Kim Kibum, Syeed Sakil, Au Trang, Diaz Amber, Schabath Matthew B, Cass Amanda, Hall Richard, Pai Lori, Li Chenghui, Balmaceda Nicole, Palumbo Alison, Carey Autumn, Lalla Mumtu, Henry Matthew, Brixner Diana, Stenehjem David
University of Utah, Department of Pharmacotherapy and Pharmacotherapy Outcomes Research Center, Salt Lake City, UT, USA; University of Illinois Chicago, Department of Pharmacy Systems, Outcomes and Policy, Chicago, IL, USA.
University of Utah, Department of Pharmacotherapy and Pharmacotherapy Outcomes Research Center, Salt Lake City, UT, USA.
Cancer Treat Res Commun. 2025;43:100898. doi: 10.1016/j.ctarc.2025.100898. Epub 2025 Mar 13.
Osimertinib is a third-generation EGFR-TKI and preferred first-line (1L) treatment for EGFR positive (EGFR+) metastatic non-small cell lung cancer (mNSCLC). This study compared real-world clinical outcomes of 1L osimertinib versus 1st or 2nd generation EGFR-TKIs (1/2G-TKIs) in patients with EGFR+ mNSCLC.
Nine academic cancer centers in the US participated in the retrospective cohort study. Patients aged ≥18 years with EGFR+ mNSCLC and treated with 1L EGFR-TKI were included. Clinical outcomes included real-world progression-free survival (rwPFS), duration of treatment (DOT), time to next treatment (TTNT), central nervous system incidence-free survival (CNS-IFS), and overall survival (OS). Multivariable regression models were used to control for differences in patient characteristics (p < 0.1) between the osimertinib and 1/2G-TKI cohorts.
The study included 181 osimertinib patients and 171 1/2G-TKI patients. Osimertinib had a longer rwPFS compared to 1/2G-TKIs (median PFS, 95 % confidence interval [CI]: 16.2 months (13.2-19.7) vs. 10.8 months (9.5-12.7); hazard Ratio [HR], 95 % CI: 0.60 (0.44-0.82). DOT and TTNT were significantly longer in patients treated with osimertinib versus 1/2G-TKI (HR, 95 % CI: 0.51 (0.38-0.68) for DOT; 0.54 (0.39-0.74) for TTNT). The respective HR point estimate for CNF-IFS and OS of 0.62 and 0.83 preferred osimertinib. However, small patient counts and number of events posed challenges in drawing conclusion regarding the significance of the delayed CNS-IFS or OS.

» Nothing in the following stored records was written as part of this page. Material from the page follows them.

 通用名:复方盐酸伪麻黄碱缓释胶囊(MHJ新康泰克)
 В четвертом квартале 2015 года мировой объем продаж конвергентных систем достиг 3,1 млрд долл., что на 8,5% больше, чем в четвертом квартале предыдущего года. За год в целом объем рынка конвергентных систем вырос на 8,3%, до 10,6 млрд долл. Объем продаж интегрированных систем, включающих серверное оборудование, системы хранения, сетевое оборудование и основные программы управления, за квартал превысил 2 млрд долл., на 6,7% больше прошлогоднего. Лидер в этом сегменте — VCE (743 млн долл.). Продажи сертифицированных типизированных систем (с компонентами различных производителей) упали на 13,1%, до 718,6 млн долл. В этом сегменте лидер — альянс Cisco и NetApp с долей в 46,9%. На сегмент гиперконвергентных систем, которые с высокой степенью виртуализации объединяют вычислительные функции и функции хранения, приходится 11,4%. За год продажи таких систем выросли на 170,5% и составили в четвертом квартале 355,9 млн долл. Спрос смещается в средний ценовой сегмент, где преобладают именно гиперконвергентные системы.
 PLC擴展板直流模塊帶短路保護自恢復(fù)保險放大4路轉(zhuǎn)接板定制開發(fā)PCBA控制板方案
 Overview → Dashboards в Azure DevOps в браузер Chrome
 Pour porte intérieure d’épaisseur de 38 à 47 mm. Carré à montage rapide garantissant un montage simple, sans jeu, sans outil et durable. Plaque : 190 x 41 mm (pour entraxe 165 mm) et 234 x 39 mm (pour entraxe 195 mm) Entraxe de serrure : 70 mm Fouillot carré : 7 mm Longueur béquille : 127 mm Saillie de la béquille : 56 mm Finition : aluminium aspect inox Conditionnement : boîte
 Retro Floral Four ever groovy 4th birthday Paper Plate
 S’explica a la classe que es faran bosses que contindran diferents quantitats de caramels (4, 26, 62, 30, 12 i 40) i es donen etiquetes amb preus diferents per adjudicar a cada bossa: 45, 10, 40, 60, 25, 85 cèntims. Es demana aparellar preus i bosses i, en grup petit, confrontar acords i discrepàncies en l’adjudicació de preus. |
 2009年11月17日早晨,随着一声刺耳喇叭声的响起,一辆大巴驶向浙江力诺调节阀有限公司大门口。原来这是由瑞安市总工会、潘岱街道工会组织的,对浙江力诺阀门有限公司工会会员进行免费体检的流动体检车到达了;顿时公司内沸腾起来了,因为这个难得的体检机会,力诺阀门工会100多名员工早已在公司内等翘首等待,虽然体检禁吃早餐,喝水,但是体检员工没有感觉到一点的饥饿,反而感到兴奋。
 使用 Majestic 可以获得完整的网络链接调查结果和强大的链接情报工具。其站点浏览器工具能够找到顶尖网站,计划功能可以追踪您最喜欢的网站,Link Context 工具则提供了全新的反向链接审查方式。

Patients treated with osimertinib had a prolonged time to progression and longer time maintain the treatment compared to 1/2G-TKI. This real-world evidence is aligned with clinical trial results.

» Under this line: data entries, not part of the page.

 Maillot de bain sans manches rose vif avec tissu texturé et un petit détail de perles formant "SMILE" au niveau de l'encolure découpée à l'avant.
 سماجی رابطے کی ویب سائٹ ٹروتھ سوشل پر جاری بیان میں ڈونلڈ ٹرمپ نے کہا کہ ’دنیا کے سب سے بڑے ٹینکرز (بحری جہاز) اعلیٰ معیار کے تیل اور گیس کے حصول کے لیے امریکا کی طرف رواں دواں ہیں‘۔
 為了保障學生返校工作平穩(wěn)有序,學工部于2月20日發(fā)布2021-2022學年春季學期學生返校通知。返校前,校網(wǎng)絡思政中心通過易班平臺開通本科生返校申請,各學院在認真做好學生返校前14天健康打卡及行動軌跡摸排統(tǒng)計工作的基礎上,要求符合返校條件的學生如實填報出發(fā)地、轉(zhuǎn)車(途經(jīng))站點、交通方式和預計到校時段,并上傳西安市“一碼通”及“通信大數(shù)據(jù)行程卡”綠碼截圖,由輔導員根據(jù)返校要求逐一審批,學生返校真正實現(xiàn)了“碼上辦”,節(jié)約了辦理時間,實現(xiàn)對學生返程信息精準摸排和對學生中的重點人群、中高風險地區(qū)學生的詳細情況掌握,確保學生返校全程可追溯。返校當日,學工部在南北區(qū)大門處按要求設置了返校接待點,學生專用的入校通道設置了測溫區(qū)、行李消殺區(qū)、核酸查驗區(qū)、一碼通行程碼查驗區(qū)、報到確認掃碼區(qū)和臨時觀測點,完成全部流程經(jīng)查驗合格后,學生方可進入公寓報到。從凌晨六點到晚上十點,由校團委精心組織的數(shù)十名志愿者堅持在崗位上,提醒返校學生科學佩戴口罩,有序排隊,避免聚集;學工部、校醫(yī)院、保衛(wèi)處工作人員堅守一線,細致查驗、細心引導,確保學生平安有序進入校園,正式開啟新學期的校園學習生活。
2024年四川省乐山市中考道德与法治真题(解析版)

奥希替尼是第三代表皮生长因子受体酪氨酸激酶抑制剂(EGFR-TKI),是表皮生长因子受体阳性(EGFR+)转移性非小细胞肺癌(mNSCLC)一线治疗的首选药物。本研究比较了EGFR+ mNSCLC患者中一线使用奥希替尼与第一代或第二代EGFR-TKI(1/2G-TKI)的真实世界临床疗效。

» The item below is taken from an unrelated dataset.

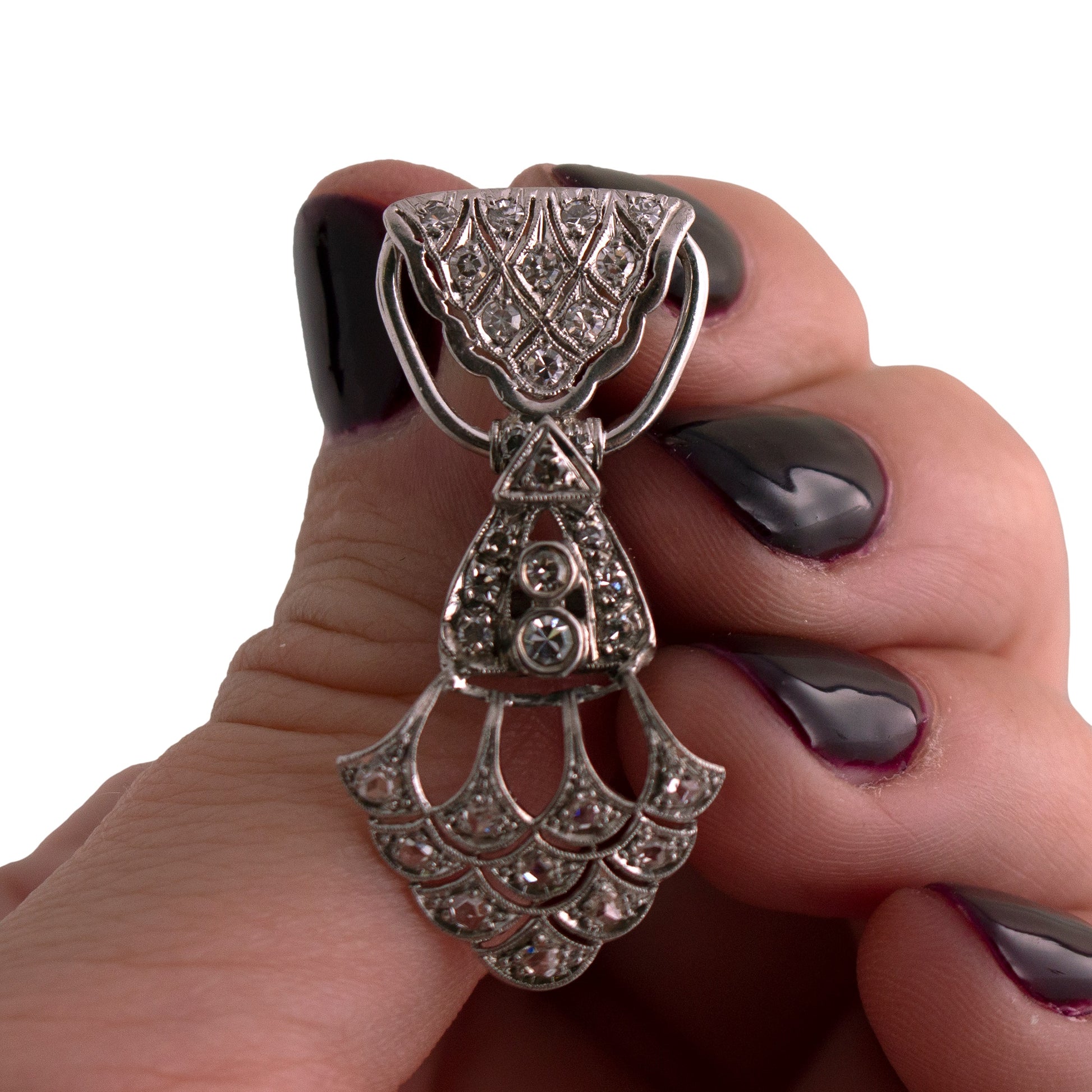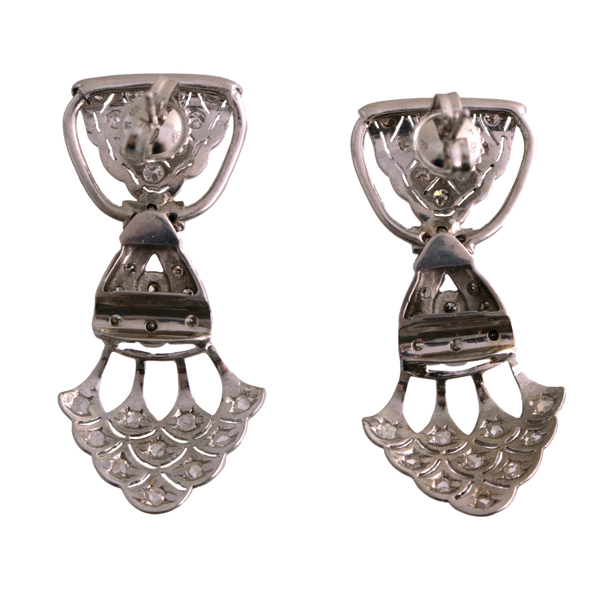 A pair of antique platinum and diamond earrings. These are so elegant and perfect for a wedding or special event. They have posts with friction backs. The round diamonds have a total approximate carat weight of 1.32ct and the rose cuts have an approximate total carat weight of 0.12ct. In great condition. They are 1 and 3/8 inches long.

美国9个学术癌症中心参与了这项回顾性队列研究。纳入年龄≥18岁、接受一线EGFR-TKI治疗的EGFR+ mNSCLC患者。临床疗效包括真实世界无进展生存期(rwPFS)、治疗持续时间(DOT)、下次治疗时间(TTNT)、中枢神经系统无事件生存期(CNS-IFS)和总生存期(OS)。采用多变量回归模型控制奥希替尼组和1/2G-TKI组患者特征的差异(p<0.1)。
该研究纳入了181例使用奥希替尼的患者和171例使用1/2G-TKI的患者。与1/2G-TKI相比,奥希替尼的rwPFS更长(中位PFS,95%置信区间[CI]:16.2个月(13.2 - 19.7)对10.8个月(9.5 - 12.7);风险比[HR],95%CI:0.60(0.44 - 0.82))。与1/2G-TKI相比,使用奥希替尼治疗的患者DOT和TTNT显著更长(DOT的HR,95%CI:0.51(0.38 - 0.68);TTNT的HR,95%CI:0.54(0.39 - 0.74))。CNF-IFS和OS的HR点估计值分别为0.62和0.83,表明奥希替尼更具优势。然而,患者数量少和事件数量在就延迟的CNS-IFS或OS的显著性得出结论方面带来了挑战。
与1/2G-TKI相比,使用奥希替尼治疗的患者疾病进展时间延长,治疗维持时间更长。这一真实世界证据与临床试验结果一致。